LLM API Pricing Comparison: Cost-Per-Million-Tokens Across All Providers

Understanding LLM API Pricing (March 2026)
FAQ
Related Resources
Sources

Understanding LLM API Pricing (March 2026)

Language model API pricing has fractured into tiers reflecting model capabilities and inference costs. The same provider charges vastly different rates for different models. Understanding actual cost-per-token is critical for budget forecasting.

Provider Pricing Market

OpenAI GPT Models:

GPT-4o costs $2.50 per 1M input tokens and $10 per 1M output tokens. GPT-4.1 costs $2.00 / $8.00 per 1M tokens. GPT-5 (as of March 2026) costs $1.25 / $10.00. GPT-4o-mini costs $0.15 / $0.60 per 1M tokens.

The pricing structure penalizes output tokens at 3x input cost. This ratio reflects higher compute requirements for generation versus understanding.

OpenAI also introduced cache features allowing 90% discounts on cached input tokens (first request at full price, subsequent requests using cached context at 10% cost). For applications with repeated context patterns, caching substantially reduces costs.

Anthropic Claude Models:

Claude Opus 4.6 (most capable) costs $5 per 1M input tokens and $25 per 1M output tokens. Claude Sonnet 4.6 costs $3 / $15. Claude Haiku 4.5 (fastest/cheapest) costs $1.00 / $5.00.

Anthropic's pricing emphasizes long context windows. Claude Opus 4.6 and Sonnet 4.6 both have 1M token context windows; Haiku 4.5 has 200K. Extended context doesn't increase per-token cost, unlike some competitors who charge for full window availability.

Google Gemini Models:

Gemini 2.5 Flash costs $0.30 per 1M input tokens and $2.50 per 1M output tokens. Gemini 2.5 Pro costs $1.25 / $10.00 (≤200K context). Both models have 1M token context windows.

Google's Flash model is competitive on pricing: roughly 17x cheaper than Claude Opus for input tokens.

Meta Llama (via Groq, Together, etc.):

Llama 3.1 405B via Together AI costs $8.00 per 1M input tokens and $24 per 1M output tokens. Via Groq (optimized inference), Llama 3 70B costs $0.34 per 1M input and $1.02 per 1M output (extremely cheap).

Open-weight models are dramatically cheaper when optimized inference platforms are used.

Mistral and Other Open Models:

Mistral Large via Mistral AI API costs $2.00 per 1M input tokens and $6.00 per 1M output tokens.
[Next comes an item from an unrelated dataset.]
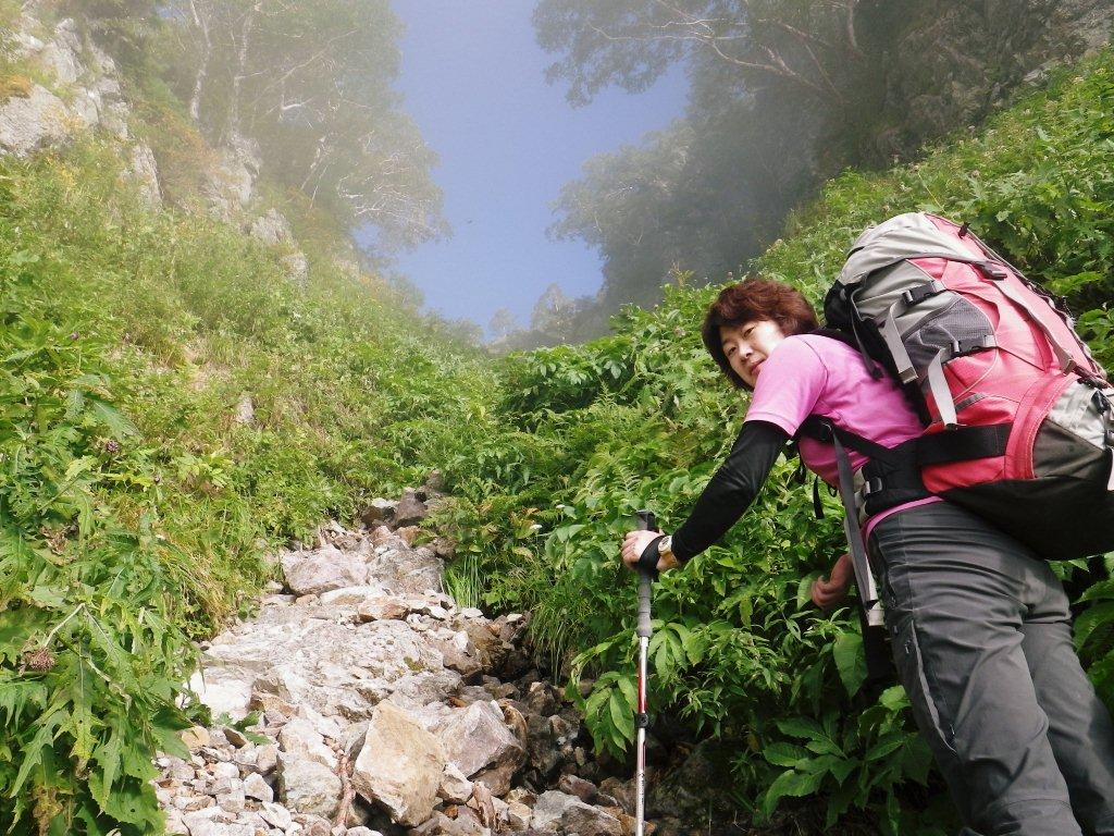 さぁー!ここからは北鎌沢出合いまで道程は悪いが、降り一辺倒のため喘ぐことはないだろう。

Same model via Together AI costs lower rates with different inference optimization.

Pricing Comparison Table

Provider	Model	Input Cost/1M	Output Cost/1M	Key Features
OpenAI	GPT-4o	$2.50	$10.00	Cache support
OpenAI	GPT-4o-mini	$0.15	$0.60	Affordable baseline
Anthropic	Claude Opus 4.6	$5.00	$25.00	1M context, Quality
Anthropic	Claude Haiku 4.5	$1.00	$5.00	Fast, cheap
Google	Gemini 2.5 Flash	$0.30	$2.50	Competitive pricing
Groq	Llama 3 70B	$0.34	$1.02	Very fast inference
Together	Llama 3.1 405B	$8.00	$24	Open weight, capable
Mistral	Mistral Large	$2.00	$6.00	128K context

Input vs. Output Token Economics

LLM API pricing fundamentally reflects different costs for input (understanding context) and output (generation) tokens. Understanding this asymmetry is critical for cost optimization.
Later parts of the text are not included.